In recent years a large number of rankings, ratings and indices have been developed that attempt to measure the Corporate Social Responsibility (CSR) of companies. Substantive growth in the Socially Responsible Investment (SRI) market in the last decade plays a major role in this development. Little is known about the extent to, and ways in which, the metrics developed for the SRI market may contribute to improvements in CSR. The research aims to answer these questions by studying the FTSE4Good index, an SRI index launched by FTSE Group in 2001. The research examines how this metric for the SRI market is developed by FTSE with the help of third parties; and the influence of the index on the responsible corporate behaviour of included companies. A mixed-methods approach to data collection and analysis is used to study these two research questions, drawing on interviews, archival data and document analysis, media analysis and multivariate analysis.
The research employs an institutional work perspective to study the practices of individual and collective actors aimed at creating, maintaining, and disrupting institutions (Lawrence, Suddaby & Leca, 2011). The research shows how the FTSE4Good index has become an integral part of international accountability standards that have emerged in the CSR field (Waddock, 2008a; Waddock, 2008b). Three types of activities underpin this trend: first, the work by FTSE and social rating agency EIRIS to frame the index inclusion criteria and measure compliance; second, the process of engagement and dialogue with companies and third parties (e.g. NGOs) by the FTSE Responsible Investment (RI) team; and third, the valorising by companies and third parties of the index as a de facto CSR standard.
The research builds on a central concern in the social sciences regarding reactivity - the idea that people change their behaviour in reaction to being evaluated, observed or measured. External metrics that evaluate, measure or rank the performance of organisations often induce strong reactivity (Espeland & Sauder, 2007). The research findings show how, as the bar for inclusion in the FTSE4Good index is continuously raised, companies react by adjusting their behaviour in line with the index criteria. A dynamic conceptualisation of reactivity is developed, and the range of organisational responses to CSR metrics in the SRI market is explored. The engagement dialogue between the FTSE RI team and included companies is one of the main mechanisms to create reactivity, as it provides companies an opportunity to obtain advice and guidance about the index inclusion criteria. A conceptual framework is developed that links engagement, symbolism and routine practices of calculation and measurement to changes in corporate behavior.
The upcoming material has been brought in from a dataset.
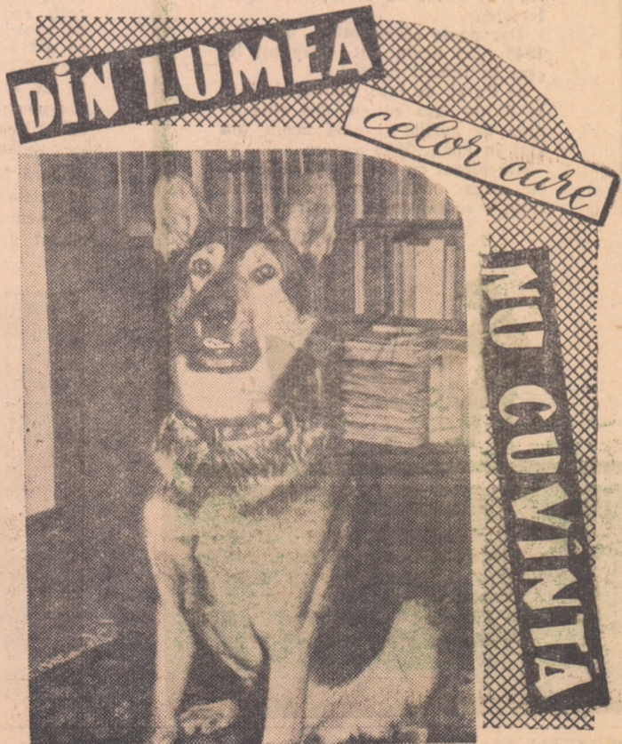
Dago, nu cuvîntă e adevărat, Asta nu l-a împiedicat însă să joace în mai multe filme.

La 26 octombrie, postul de radio al satelitului, epuizîndu-și rezervele de energie electrică, a încetat să funcționeze. În aceste condiții devin de o mare importanță observațiile optice care vor constitui mijlocul principal pentru măsurarea elementelor orbitei satelitului și rachetei purtătoare, precum și pentru determinarea mișcării lor probabile.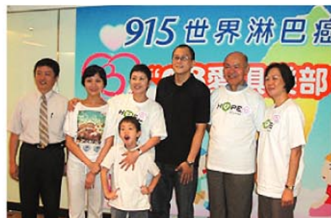
● 淋巴瘤友現身說法抗癌的經驗。

為此，癌症希望協會於2008年設置淋巴瘤宣導防治網站www.08i.org.tw，將淋巴瘤的主要症狀，利用生動活潑的圖像表現，並設計防治口訣：「燒腫癢汗咳瘦」，希望運用寓教於樂的衛教方式，提升台灣民眾對淋巴瘤的認知及自我守護的能力。透過上網響應活動的人數累積，一傳十、十傳百，將防治口訣：「燒腫癢汗咳瘦」推廣流傳，同時也透過宣導海報、宣導網站及活動，將淋巴瘤防治宣導活動推廣至全台灣各地，提醒社會大眾學習淋巴瘤的六大症狀，讓社會大眾對自身的淋巴組織健康更加重視與關心，好能早期發現、早期治療。

The research examines the institutional work needed for reactivity to occur. The study contributes to the literature on SRI by providing qualitative and quantitative analyses of the effect of engagement by the FTSE RI team on the responsible behaviour of companies. The research contributes to the study of reactivity and metrics by highlighting the work that is needed from the part of both the organisation undertaking the measurement and the organisations that are subject to the evaluation. The research contributes to the study of institutional work by incorporating sociomateriality (Orlikowski & Scott, 2008) into the analysis of embedded agency. The study has implications for those seeking to govern by metrics, as it shows how striking a balance between what can be measured and what ought to be measured is complicated and requires a lot of work. Lastly, the research opens up a number of venues for future research into CSR, SRI and institutional work.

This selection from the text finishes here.